Choosing Marriage on the Basis of Love
Prior to the eighteenth century in Western Europe and elsewhere around the globe, marriage between a man and a woman had little to do with lifelong loving companionship. What is more, a betrothed couple had little to say in the matter; it was often not even their choice to get married! In her research on the history of marriage, Coontz (2005) writes that, over many generations, most societies held marriage as an important political and economic institution that ensured that nobility could acquire vast wealth and/or political power through making alliances with other families. Also, for people of less means, marriage allowed families to pool resources, such as land and an adequate labor force, to support a family business. It wasn’t the two people getting married who made the choice to marry; it was their parents, community elders, clergy or politicians. That two people can choose to get married on the basis of their love for each other has only been around for a little over two hundred years.

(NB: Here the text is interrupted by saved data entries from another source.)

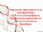 PCR и гел-електрофореза, метод на Брадфорд и ефективност на трансформацията. Трансформацията е процес на приемане на ДНК от бактериални клетки. Повечето видове бактерии притежават способността да приемат ДНК от средата, в която се развиват...
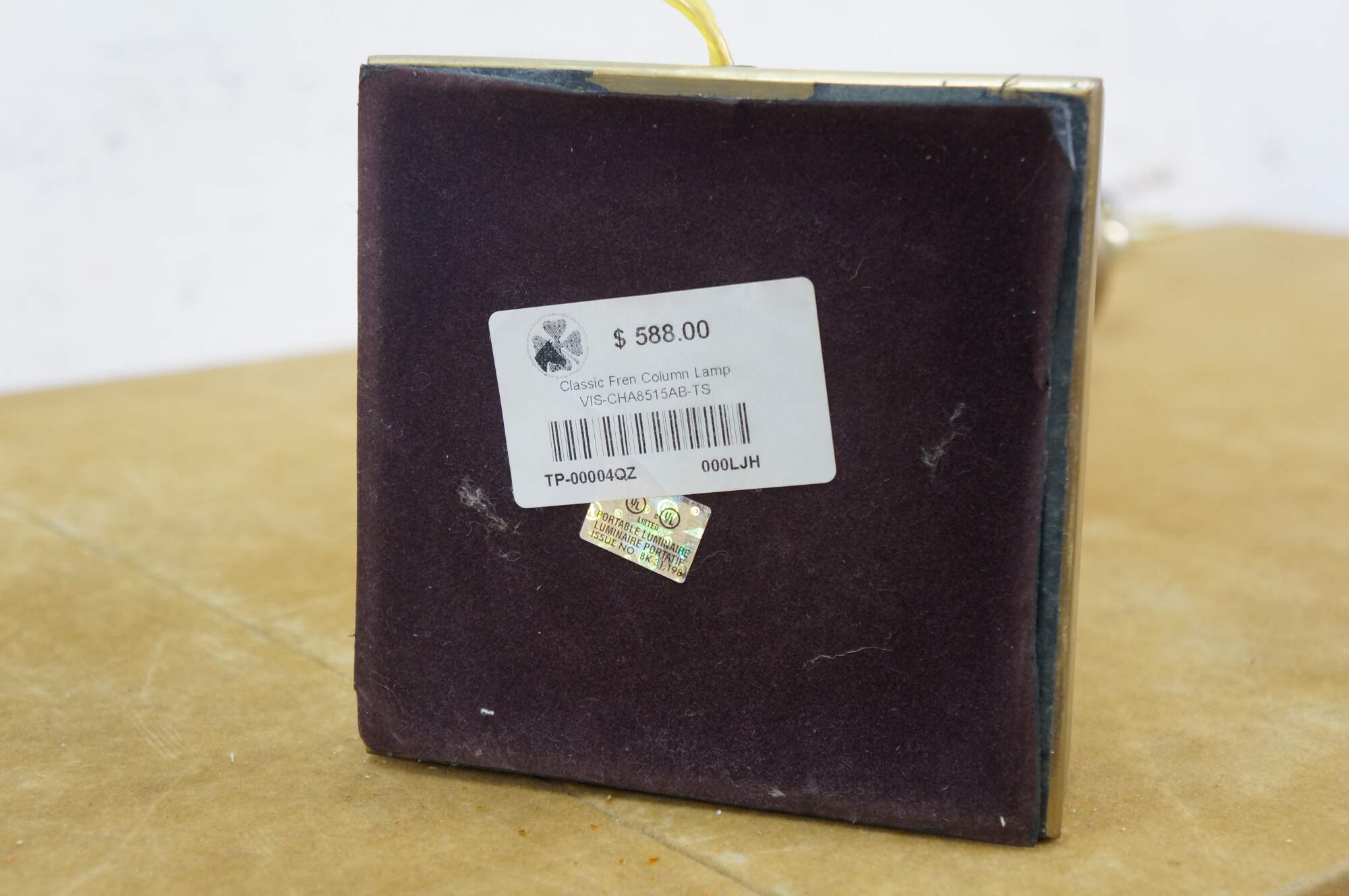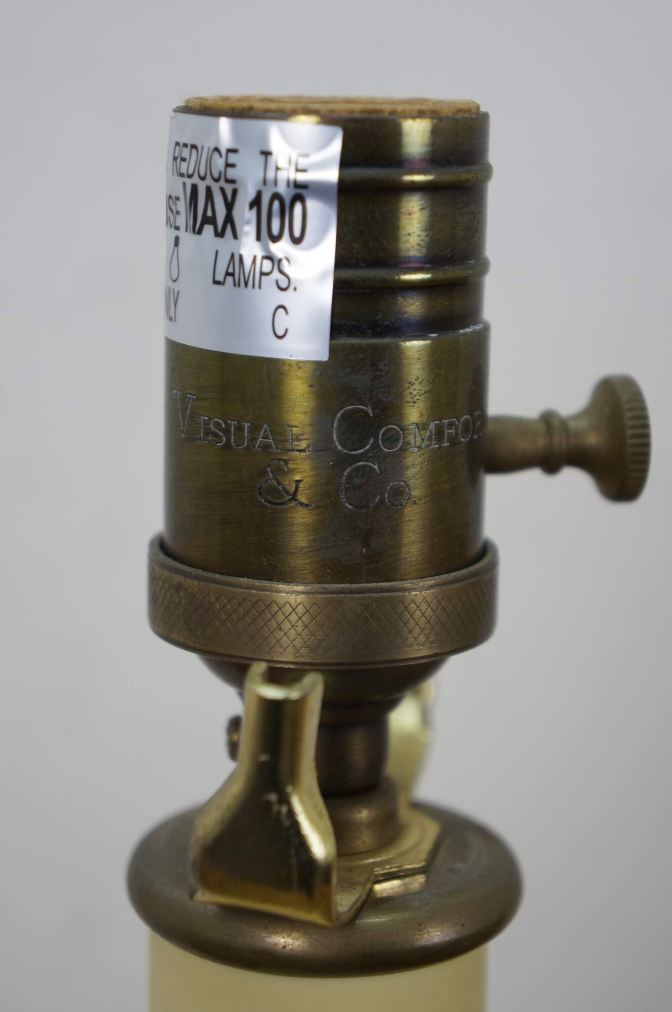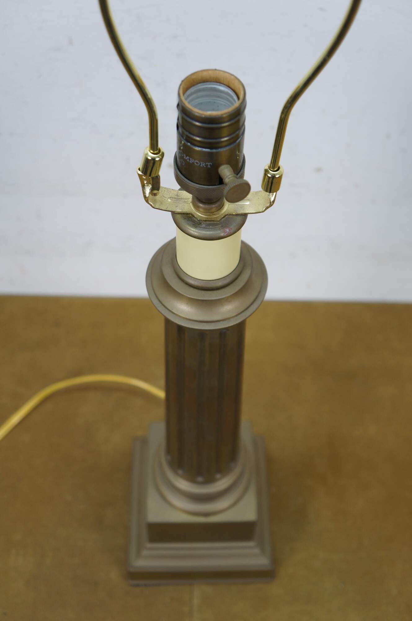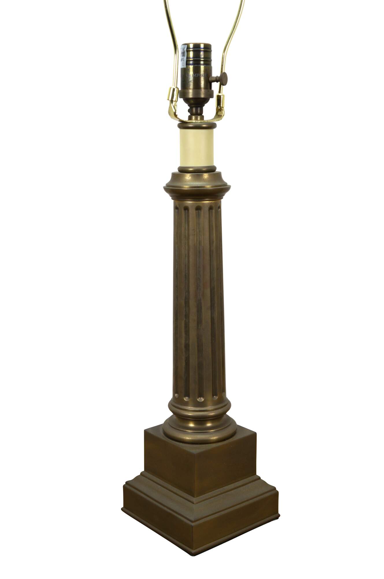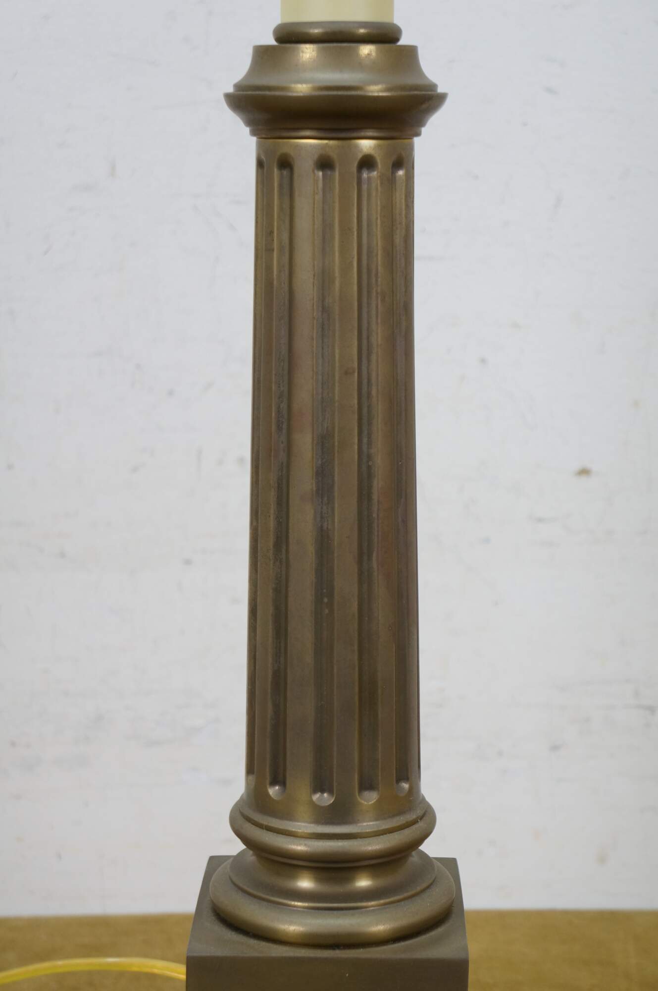 Late 20th century heavy brass table lamp by Visual Comfort & Company in the shape of a neoclassical column / pillar on a square plinth. Includes harp and brass finial.
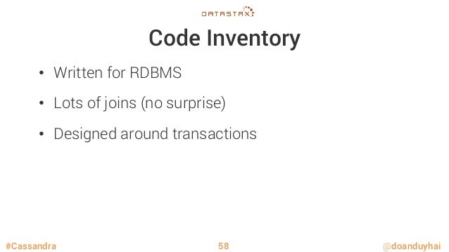 - 58. #Cassandra @doanduyhai Code Inventory • Written for RDBMS • Lots of joins (no surprise) • Designed around transactions 58

The Enlightenment of the eighteenth century influenced relations between men and women in radical ways. Societal ideals such as individual liberty, freedom of speech and the equality of men began to challenge older conceptions of marriage. In Western Europe and America, the freedom to choose whom you could marry was an utterly new idea. It ushered in a new realm of personal responsibility for one’s marriage. One could argue that without the fundamental opportunity to choose, a person or a couple had no real sense of responsibility for the quality of one’s marriage. Prior to this time, two people could live in a state of matrimony and pay little attention to the quality of their relationship. For thousands of years, societal norms allowed husbands to wield great power in marriage. Husbands owned all the property in the family, including his wife’s possessions, made family decisions, often unilaterally, and punished his wife if she disobeyed him. There was little equality between the sexes, no real freedom of speech or any real focus on the quality of one’s marriage. All this began to transform during The Enlightenment.

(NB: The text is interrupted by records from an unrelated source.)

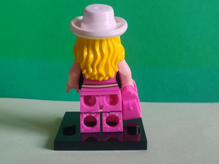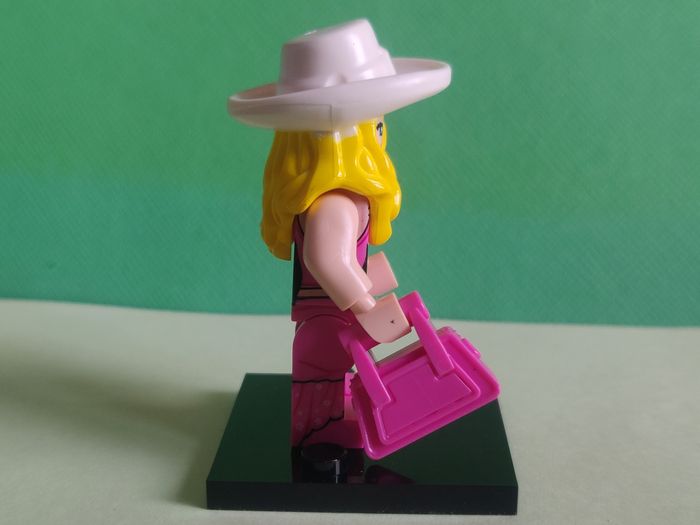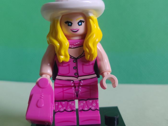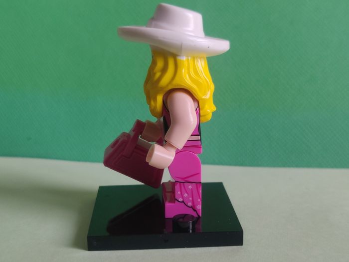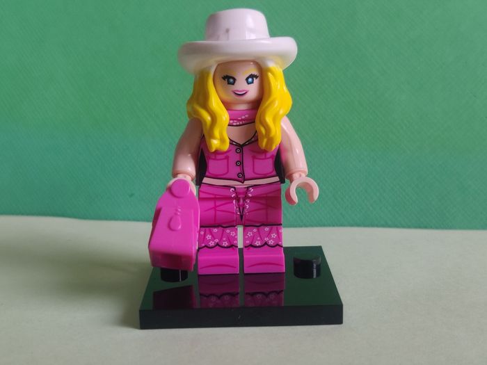 Barbie + sac + socle - Figurine Compatible Il s'agit d'une figurine compatible Il ne s'agit pas d'une figurine Lego, elle s'y adapte et peut être mise sur les tenons. En parfait état, avec socle N'a jamais été exposée ou jouée. Etat neuf Envoi soigné
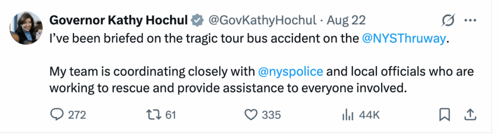 पुलिस ने बताया कि कई यात्री सीट बेल्ट नहीं लगाए हुए थे, जिस वजह से कई लोग बस से बाहर फेंक दिए गए। हादसे के बाद बस की हालत “बेहद खराब” बताई गई। न्यूयॉर्क की गवर्नर कैथी होचुल ने सोशल मीडिया पर लिखा कि उनकी टीम न्यूयॉर्क स्टेट पुलिस और स्थानीय अधिकारियों के साथ मिलकर राहत कार्य कर रही है। इस हादसे में 40 से ज्यादा यात्रियों को अस्पताल में भर्ती कराया गया है। कई लोगों को सिर की चोट, हड्डी टूटने और अन्य गंभीर चोटें आई हैं।
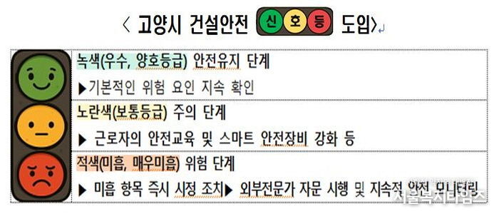 서울복지타임즈 이재연 기자 | 고양특례시가 관내 건설공사장의 안전관리를 강화하기 위해 ‘건설안전 신호등’을 도입하고, 안전관리 우수 건설 현장을 선정·확산하는 정책을 본격 추진한다.

Coontz (2005) writes that with the rise of the market economy during the late eighteenth century and early nineteenth century, men were freed from their families to earn a living and husbands were now seen as the person in the family who was responsible for being the the main economic provider. A wife’s role was to set the standards for moral behavior and to attend to the emotional needs of family members. Married couples began to set up their own households and their homes became places of refuge from one’s work and community responsibilities. The emotional climate in the home began to be an important factor in the health and well-being of one’s marriage.
With men and women being able to choose whom they could marry, couples began to marry for one simple little reason: They loved each other. Now men and women had a dual task in their marital life: How to keep their experience love alive and stay committed to each other over a lifetime. This was squarely their job now.
Reference
Coontz, S. (2005) Marriage, a history: How love conquered marriage. New York, New York: Penguin Books.